Tracking pixels in videos is typically studied as an optical flow estimation problem, where every pixel is described with a displacement vector that locates it in the next frame. Even though wider temporal context is freely available, prior efforts to take this into account have yielded only small gains over 2-frame methods. In this paper, we revisit Sand and Teller's "particle video" approach, and study pixel tracking as a long-range motion estimation problem, where every pixel is described with a trajectory that locates it in multiple future frames. We re-build this classic approach using components that drive the current state-of-the-art in flow and object tracking, such as dense cost maps, iterative optimization, and learned appearance updates. We train our models using long-range amodal point trajectories mined from existing optical flow data that we synthetically augment with multi-frame occlusions. We test our approach in trajectory estimation benchmarks and in keypoint label propagation tasks, and compare favorably against state-of-the-art optical flow and feature tracking methods.

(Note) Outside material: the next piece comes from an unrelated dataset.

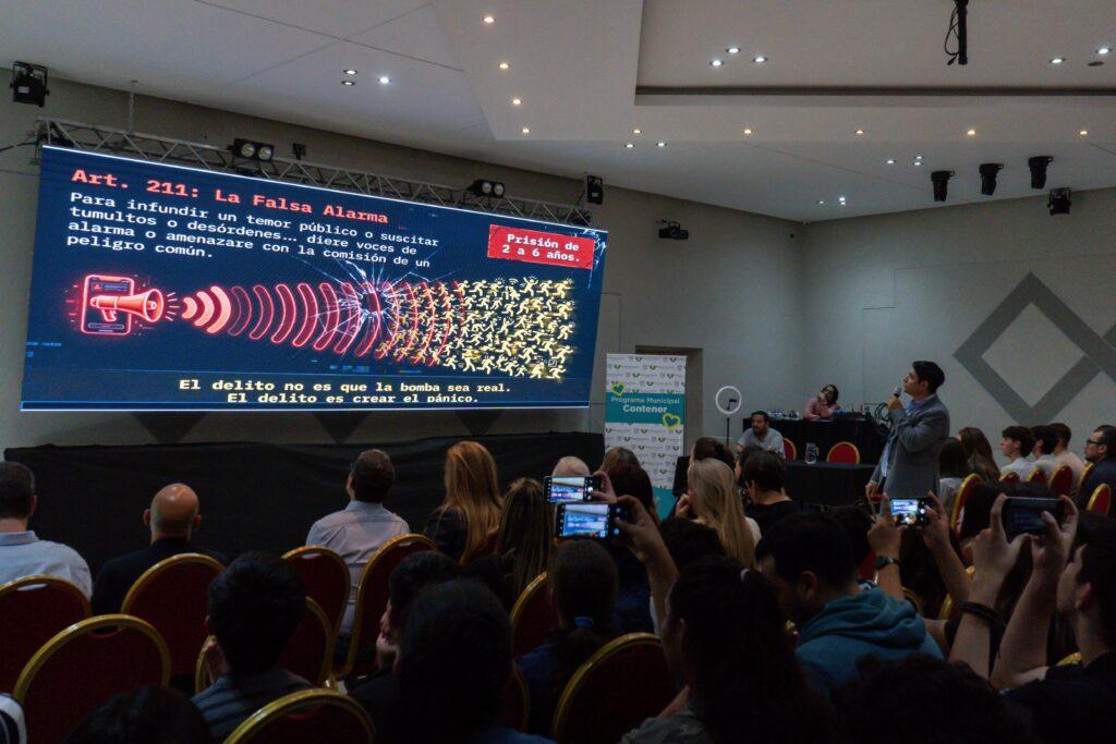 El intendente Andrés Watson inició las disertaciones con “un agradecimiento a la Justicia, personificado en algunos de sus representantes, para acercarles a los chicos y las chicas los instrumentos indispensables para analizar un tema en boga: los retos en las redes sociales”.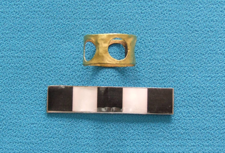 Mezar odasının üst kısmında, hükümdarın şahsi eşyalarının bırakıldığı özel niş alanında ise tunçtan imal edilmiş halkalı bir ok ucu, bir altın yüzük ve üzerinde arkaik dönem yazı üslubuna benzediği düşünülen gizemli bir çömlek parçası tespit edildi.

Goal: Given a target pixel specified on the first frame, track that pixel across the whole video.
DINO
|
RAFT
|
PIPs (ours)
|
We call our method Persistent Independent Particles, because we treat each pixel as if it is a particle with a long-range trajectory, and we track each particle independently. Some computation is shared between particles, which makes inference fast, but each particle produces its own trajectory, without inspecting the trajectories of its neighbors. A side-effect of this is that we may compute particle trajectories for any given subset of pixels. For the visualization below, we computed particles at three grids of different densities.
Our method initializes a zero-velocity trajectory (copying the initial position across time), and then iteratively refines the trajectory, using local appearance costs, and a learned trajectory prior. Since it reasons over multiple timesteps simultaneously, it "catch" a target after it re-emerges from an occluder, and inpaint the missing part of the trajectory.